Please set down the lines of the listing exactly, from its first line to the line with "I adhered a", leaving the pictures out.
╭─ INFORMATION PROVIDED
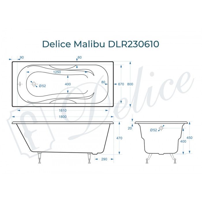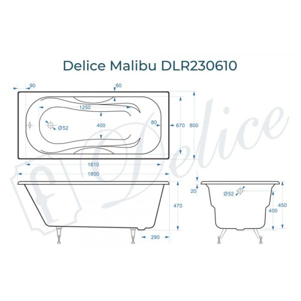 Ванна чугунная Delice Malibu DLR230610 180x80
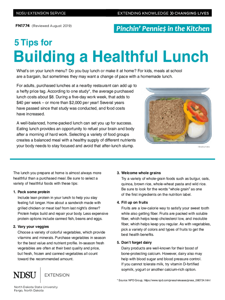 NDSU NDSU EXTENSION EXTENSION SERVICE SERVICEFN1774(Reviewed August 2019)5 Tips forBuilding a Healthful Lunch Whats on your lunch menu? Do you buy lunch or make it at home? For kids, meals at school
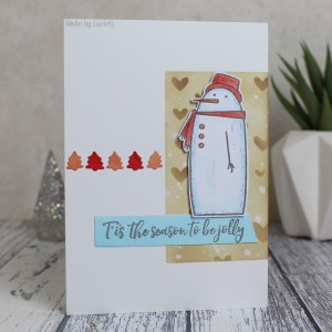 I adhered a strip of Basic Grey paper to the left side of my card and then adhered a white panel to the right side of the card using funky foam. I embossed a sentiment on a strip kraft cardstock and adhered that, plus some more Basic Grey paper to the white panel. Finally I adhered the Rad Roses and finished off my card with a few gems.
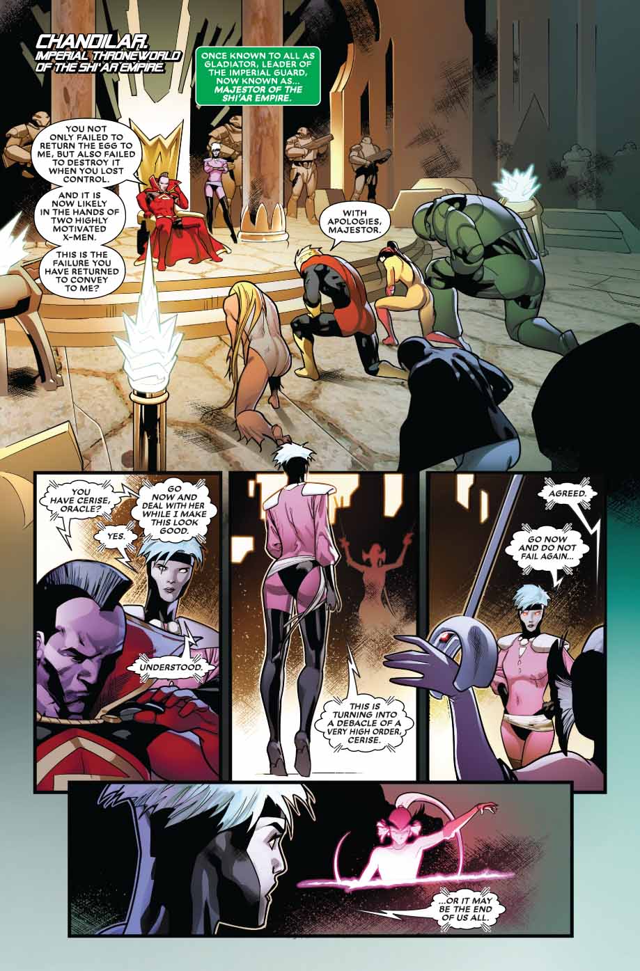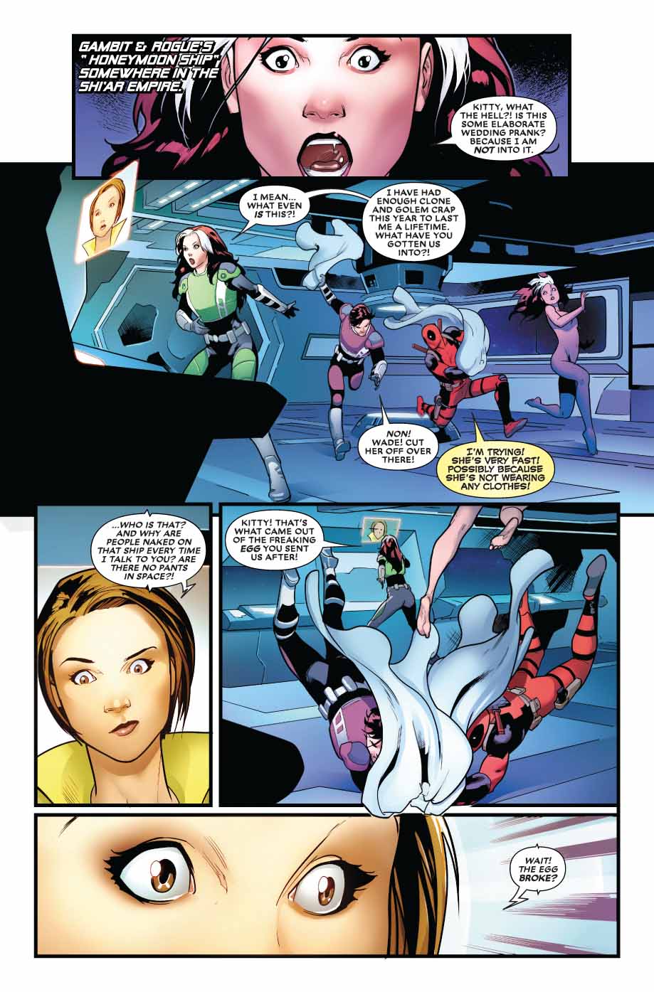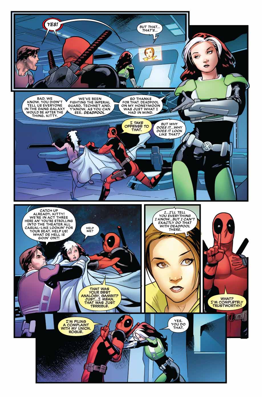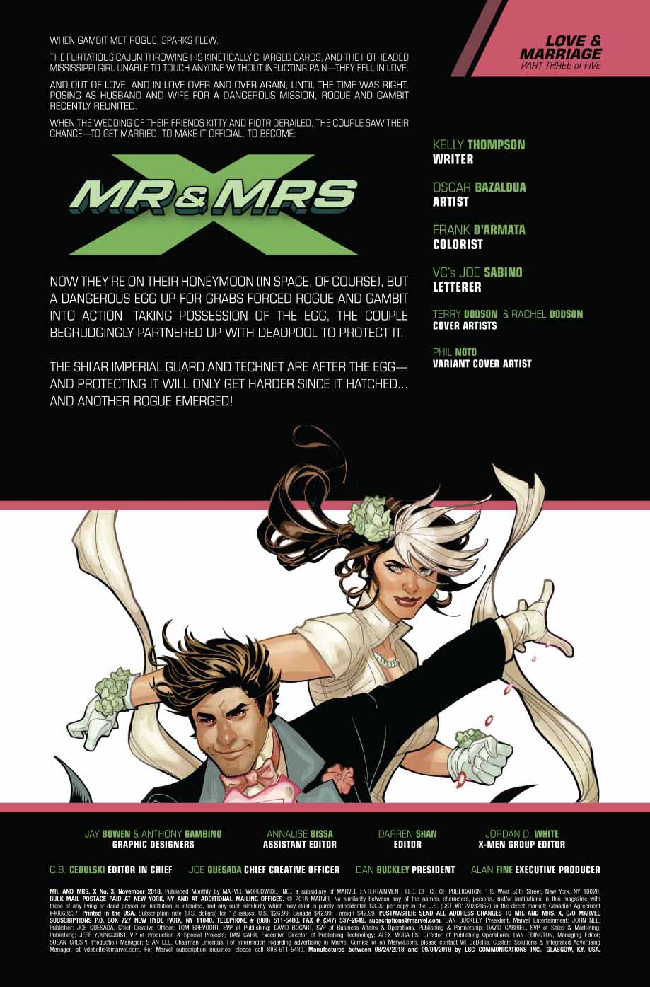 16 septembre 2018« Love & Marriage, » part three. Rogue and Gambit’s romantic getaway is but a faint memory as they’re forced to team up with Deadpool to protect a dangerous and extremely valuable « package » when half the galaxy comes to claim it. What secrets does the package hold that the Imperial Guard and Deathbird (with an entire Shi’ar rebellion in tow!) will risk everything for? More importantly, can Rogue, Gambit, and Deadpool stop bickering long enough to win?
╰─
- TASK SOLUTION
 Ванна чугунная Delice Malibu DLR230610 180x80
 NDSU NDSU EXTENSION EXTENSION SERVICE SERVICEFN1774(Reviewed August 2019)5 Tips forBuilding a Healthful Lunch Whats on your lunch menu? Do you buy lunch or make it at home? For kids, meals at school
 I adhered a strip of Basic Grey paper to the left side of my card and then adhered a white panel to the right side of the card using funky foam. I embossed a sentiment on a strip kraft cardstock and adhered that, plus some more Basic Grey paper to the white panel. Finally I adhered the Rad Roses and finished off my card with a few gems.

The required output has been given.